++++ INPUT DATA
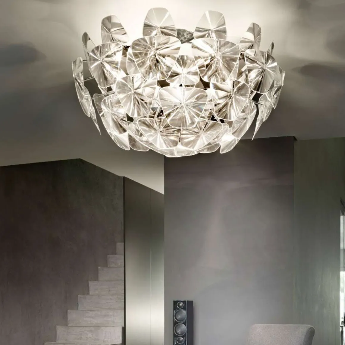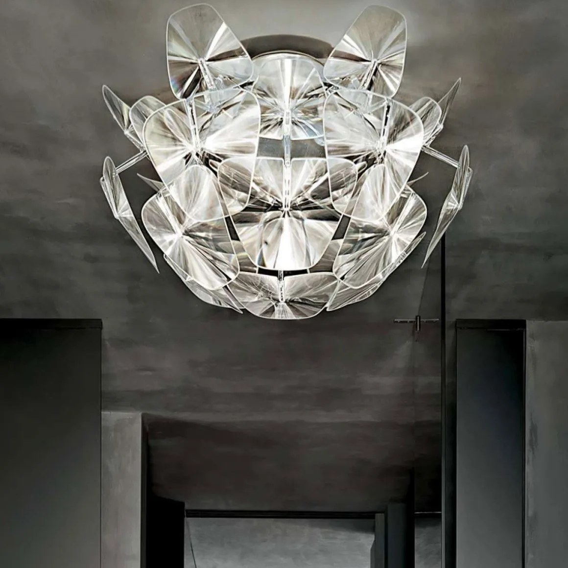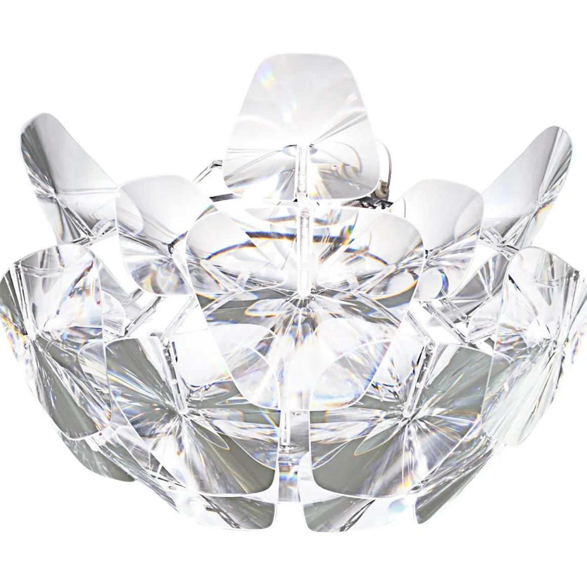 Plafonnier Hope de Luce Plan. Incroyablement léger et facile à assembler, Hope représente la magie des lampes traditionnelles, les réinterprétant avec des technologies sophistiquées et des matériaux contemporains. Une série de lentilles minces de Fresnel en polycarbonate, créées à l’aide de microprismes imprimé sur un film de polycarbonate pour obtenir un effet semblable au verre dioptrique (sans aucune limitation en termes d’espace, d’épaisseur et de poids), il faut multiplier la lumière provenant de la source lumineuse, recréer un cadre agréable, pailleté et d’atmosphère de fête, parsemé de milliers de tessons de lumière comme le diamant qui a inspiré le nom : « espoir ». Hope – le fruit d’un brillant projet et processus de fabrication – a été conçu pour être utilisé avec tout type de source de lumière : la dernière génération des halogènes et d’ampoules fluorescentes à économie d’énergie.
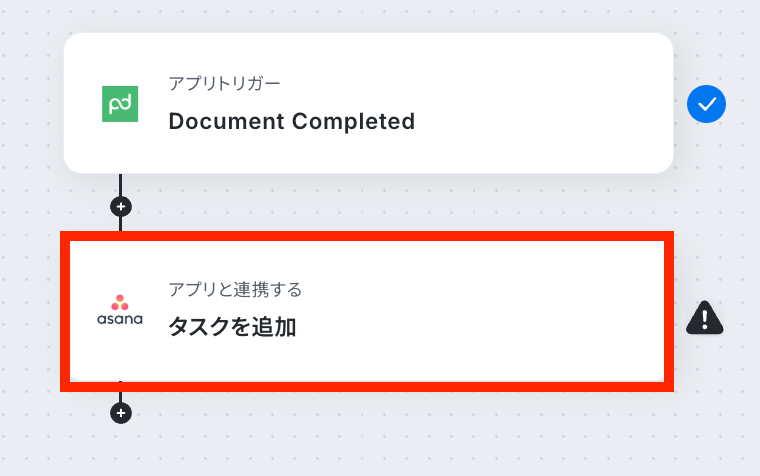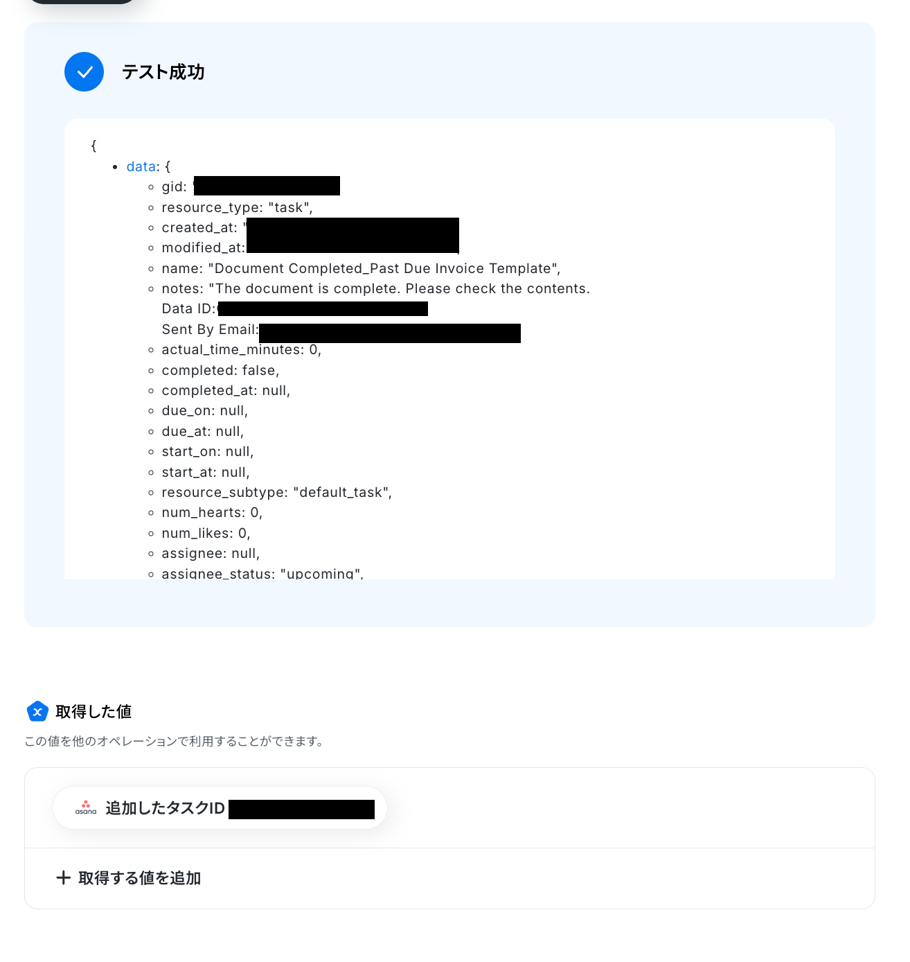 - 最後に、オペレーションでAsanaの「タスクを追加する」アクションを設定し、署名されたドキュメントの情報を基にタスクを追加します。
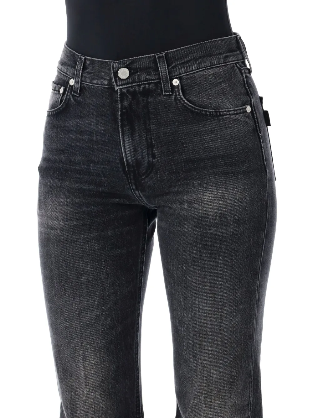 Черные джинсы с эффектом выцветания, расклешенные штанины, застежка на пуговицы, пять карманов, высокая посадка
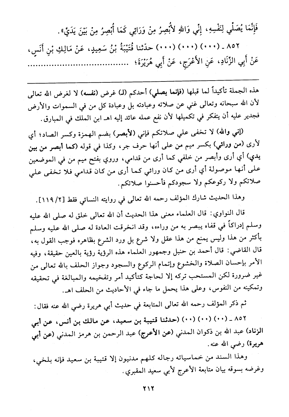 ٨٥٢ - (٠٠) (٠٠) (٠٠) (حَدَّثَنَا قتيبة بن سعيد، عن مالك بن أنس، عن أبي الزناد) عبد الله بن ذكوان المدني (عن الأعرج) عبد الرحمن بن هرمز المدني (عن أبي هريرة) رضي الله عنه.
++++++++
| TASK DESCRIPTION |
Write out, word for word, only the lines from the one containing "Черные джинсы с" to the end of the data above; the pictures stay out.

| REPLY |
 Черные джинсы с эффектом выцветания, расклешенные штанины, застежка на пуговицы, пять карманов, высокая посадка
 ٨٥٢ - (٠٠) (٠٠) (٠٠) (حَدَّثَنَا قتيبة بن سعيد، عن مالك بن أنس، عن أبي الزناد) عبد الله بن ذكوان المدني (عن الأعرج) عبد الرحمن بن هرمز المدني (عن أبي هريرة) رضي الله عنه.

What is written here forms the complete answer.